>And let’s hope that the leaders in the west will spend money on rebuilding Russia and it’s economy, rather than focussing on punitive reprisals, if that day comes.
I believe the Allied forces learned that lesson the hard way after the experiences of the Great War and the Second World War. After the first, punitive reparation terms were forced on Germany to make the country pay for its aggression. Result?
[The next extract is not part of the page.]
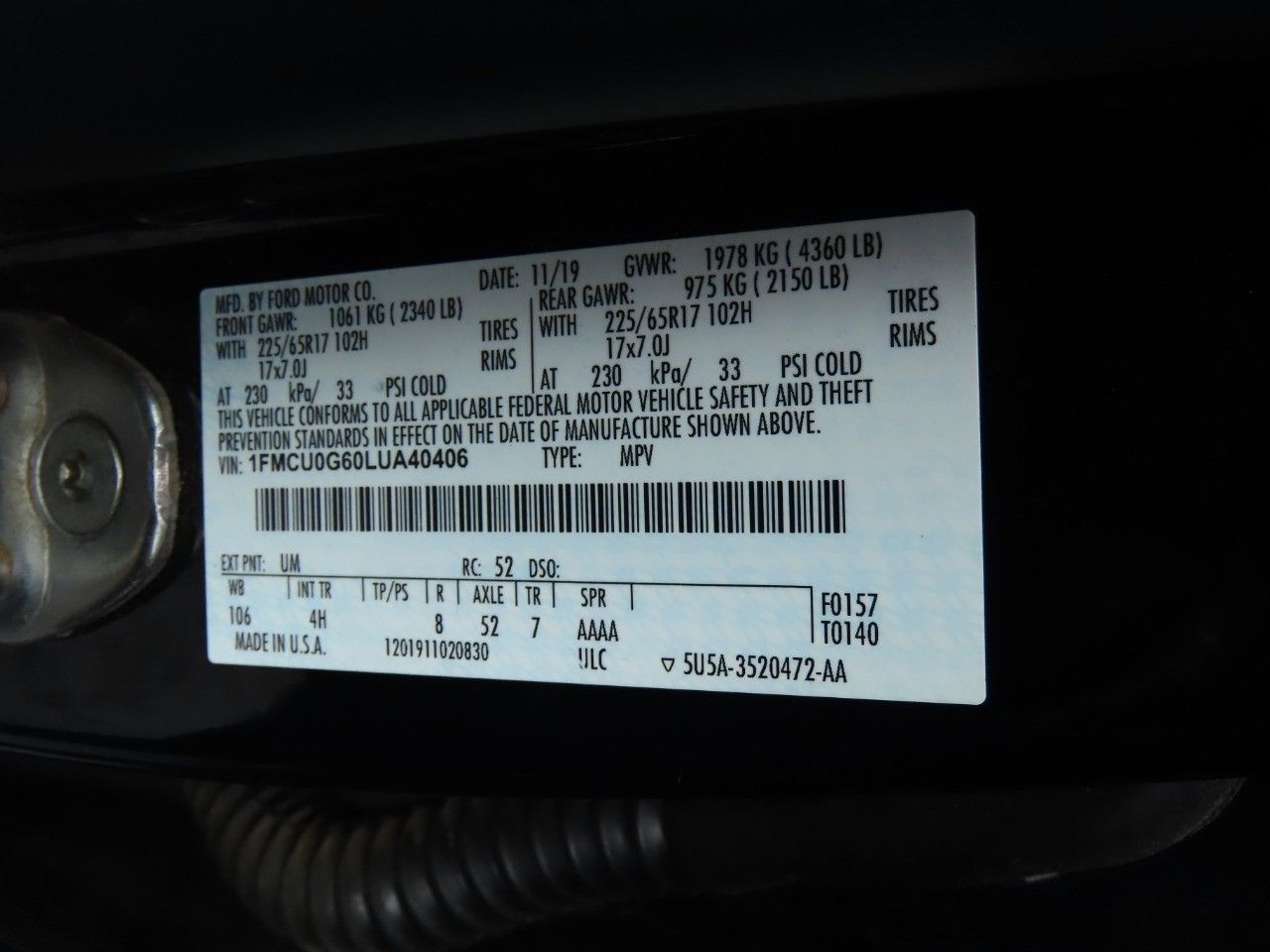Have confidence when purchasing your next ride. A CarFax report is included. It has had only one previous owner. Come by today to see this one in person. Go green with this fuel efficient 2020 Escape sporting an EPA estimated 30 MPG combined fuel rating. Drive some fun! A backup camera makes all the difference when parallel parking. Call today to schedule your test drive. With powered side mirrors. This SUV includes: an air filter for the cabin, dual exhaust ends, aluminum wheels, LED lamps in the rear and extremely convenient cruise control.

A festering sense of grievance that was seized on and manipulated by a certain short Austrian painter who twisted it into a narrative of "the whole world is against us, it's so unfair".
After the latter conflict, wiser heads realized the truth of "vengeance is mine, saith the Lord" and the emphasis was on rebuilding and getting the country back to a functioning state as quickly as possible - Marshall Plans, Berlin airlifts and so on (and by the way, for a lovely riff on this concept, do watch the 1959 Peter Sellers film "The Mouse that Roared" - "there is no more profitable undertaking for any country in the world... than to declare war on the United States and to be defeated"). The result that time was a Germany that whilst still repentant for the enormity of what it had caused, was grateful to get a second chance to join the ranks of civilized nations.
Not, by the way, that any of this is relevant to the current conflict. Despite the hysterical paranoid dribblings of Putin, Prigozhin and his cronies, I don't for one instant think that anyone supporting Ukraine wants to attack, much less destroy, Russia.
After all, Putin is doing a wonderful job of that all on his own.